Author: Ron Vitale
Title: Cinderella’s
Secret Diary: Lost
Series: Cinderella’s
Secret Diary(#1)
ISBN: 2940013032026
Publisher: Ron Vitale
(2011)
Disclaimer: Copy
received for review purposes.
My rating: 2 of 5
stars
“What happened to Cinderella after she married the Prince? Set in the late 1700s as Napoleon is rising to power, Cinderella embarks on a journey of self-discovery as she tries to come to terms with her failed marriage and her inability to have a child. Torn between the Queen's insistence that she try all means necessary to conceive and her own desires, she agrees to travel to Paris to consult with a witch to help her become pregnant. Her journey leads her to find her long lost Fairy Godmother and aids her to solve the mystery behind her mother's death. Yet the Fey Lord, the Silver Fox, also takes notice in her and her world is suddenly turned upside down...” GoodReads’ blurb
When I was approached
about the chance to review a what-if follow up to the Cinderella fairy tale, I
pretty much jumped like a kid who’s been given a ton of candy. Unfortunately, I
found a number of issues that prevented this title from living up to my
expectations.
The story is a secret
diary in its purest sense: it has dated entries, and through them Cinderella
tries to reach her Fairy Godmother. The language was cared for and so
Cinderella writes in a way reminiscent of the historical period it has been assigned
to: Napoleonic wars. That was a nice touch.
About the storyline
itself, I think it can be divided in two parts: a first part, where Cinderella
is trying to reach her Fairy Godmother to escape her marriage, which turned out
to be a mistake, and a second part wherein she manages to escape and find her
Godmother – who is not who we are led to believe. The first part was more or
less enjoyable, a story about a naive girl who learns to open her eyes and
gather the courage to run off after a dream.
However, the second
pretty much ruined the book for me. There are witches, which I can understand.

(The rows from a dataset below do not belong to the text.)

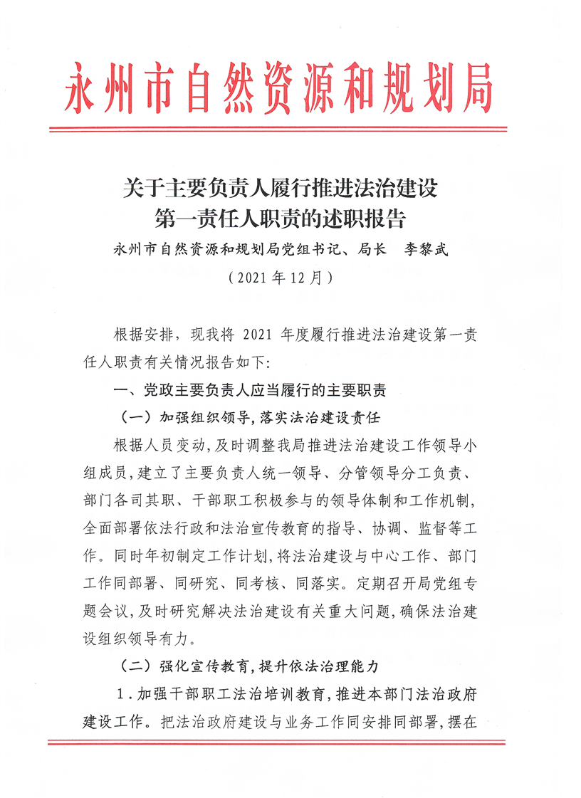 名称: 关于主要负责人履行推进法治建设第一责任人职责的述职报告
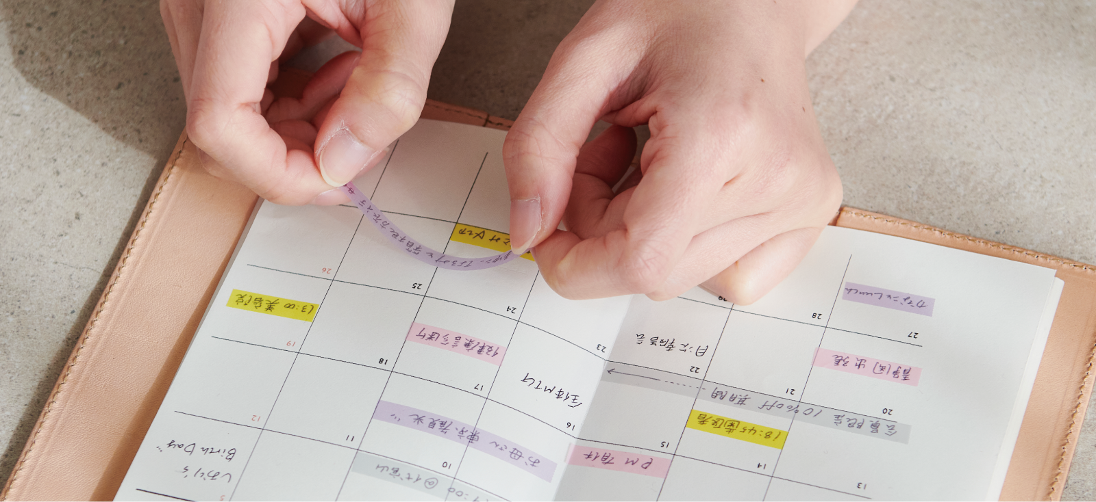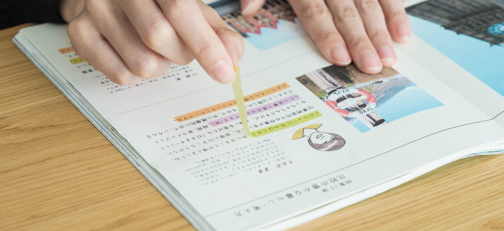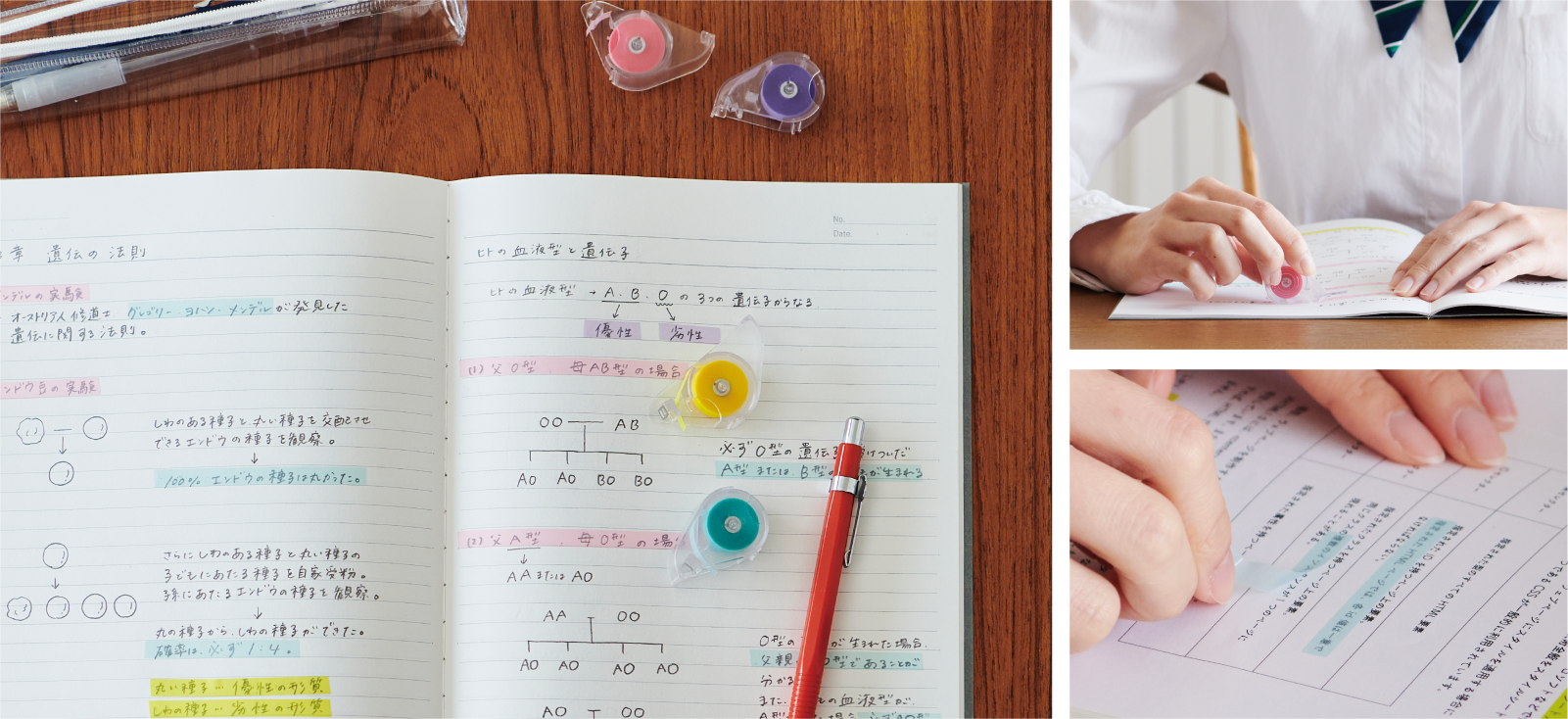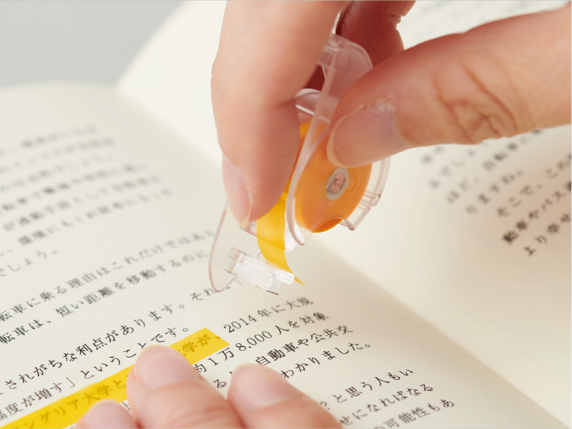 It is a marker that can be peeled off! The tape works like a highlight marker but is in fact a film tape. Better than ink type marker, it causes no trouble of bleeding through, or getting dirty because of the ink.
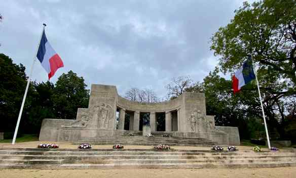 There is a war memorial near the cemetery with bouquets of red, white and blue flowers…the colours of the French flag.
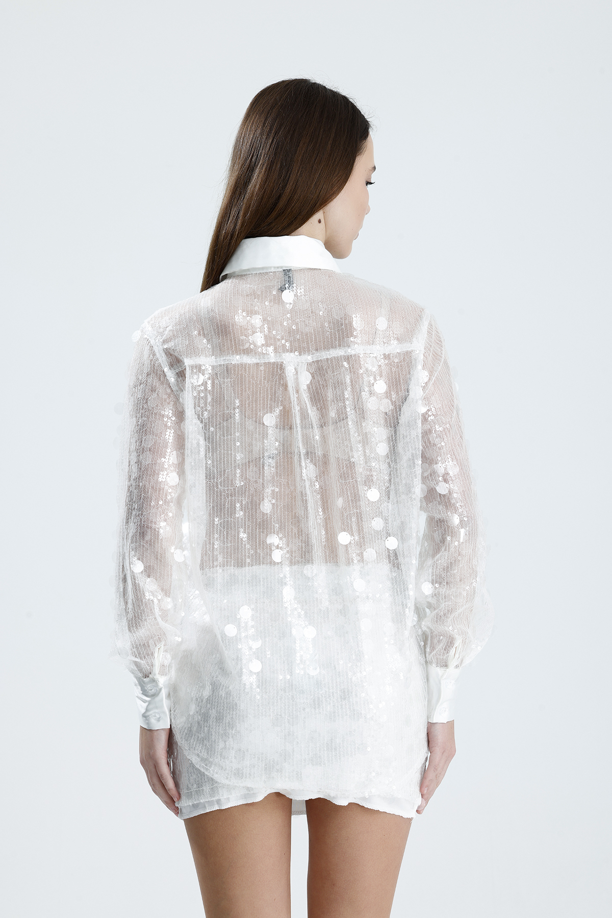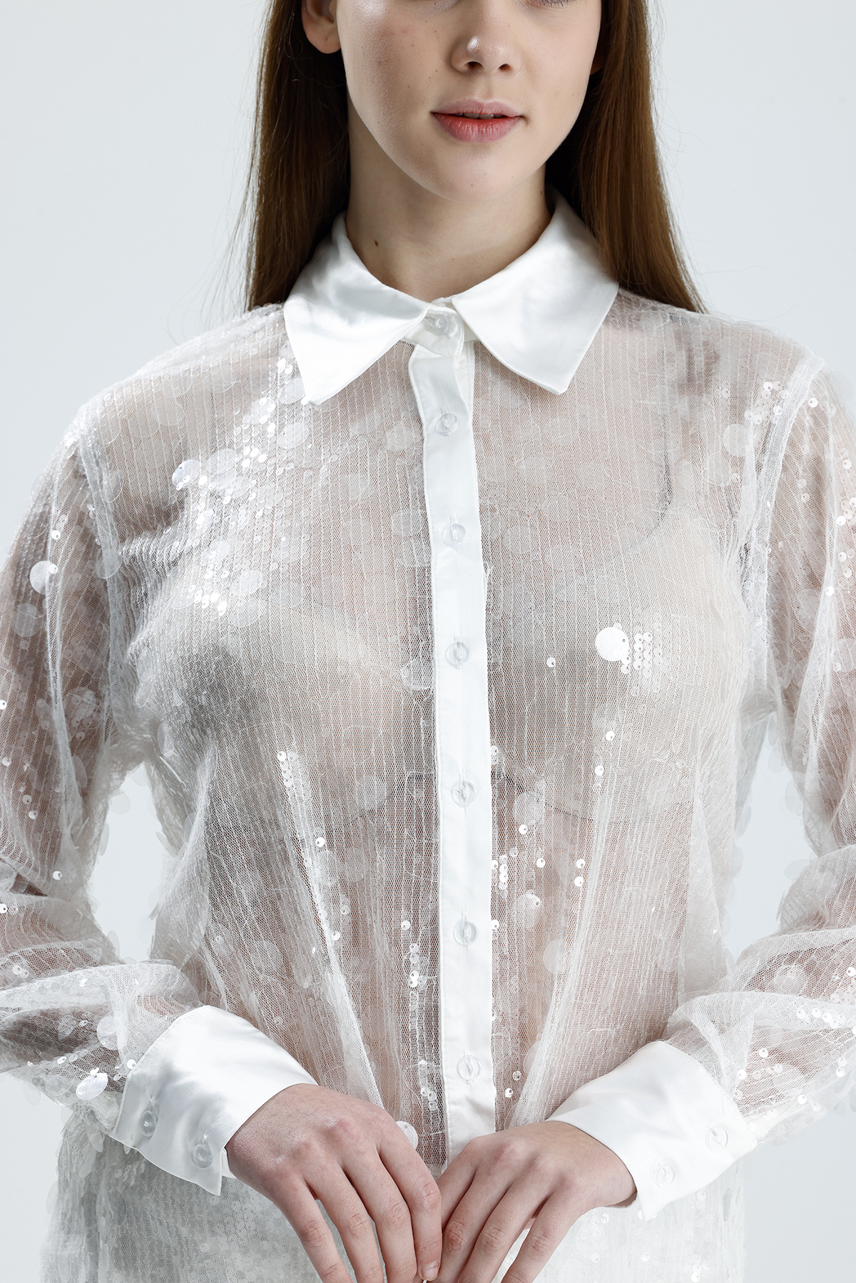 Sense Beyaz Saten Garnili Pul Detaylı Payet Abiye Gömlek | GML36395

There’s a strange connection between the real identity of the Fairy Godmother
and the spirits of the Apocalypse, which I can’t wrap my head about. In the
end, Cinderella solves her identity crisis and wins against her Fairy
Godmother, which solves the conflict and leaves me wondering more than ever
about the need for references of a spirit of War or of Napoleon hooking up with
Clopatra in Egypt.
The second half also
shifts the conflict from Cinderella, the Queen and the Prince (the characters I
care about, and my favorite ones –the Queen rocks, actually-) to Cinderella,
her dead mother and her old lover, a witch she abandoned at some point before
Cinderella herself was born. I hope you understand why it threw me so
completely off the hook.
Beyond the story not
being what I hoped for, though, my major complains are repetition and a problem
of coherence:
We’re reading
diaries, yes, but that doesn’t mean that they should read as if they were real
diaries – you know, those entries where you write what comes to mind, repeat the
same idea in different ways, and let your train of thought wander off as it
will. It’s like dialogue: you want it to sound real, but you never write down
the silences, stuttering, or ‘y’knows’.
The coherence issue
became apparent when the Prince was described as cleanly shaved and as sporting
a couple of days’ worth of scruff in the same paragraph. I didn’t take notes,
but another example that comes to mind is the glass slippers that get stuck in
Cinderella’s feet because of a spell towards the end, then she’s barefoot, then
they’re back.
The moral behind this
novel is the one thing that is clear: how Cinderella must stand up for who she
is, without looking for support in the way of love. To convey this message,
Cinderella had to start as a very naive, whiny and dependant woman, I
understand that much, but I have to admit that understanding didn’t prevent me
from finding her too weak, and too slow to smart up. How did she survive living
under her stepmother and her stepsisters? How could she learn nothing from
their machinations? How could she go through such period without finding some
core of inner strength?
In any case, while
the message itself about standing up for oneself as a woman is clear, I’m not
sure I like the hint that such strength can be found only by standing alone – I’d
have loved it if, instead, she had found a balanced, healthy, but oh, well. That’d
be a different story, I guess.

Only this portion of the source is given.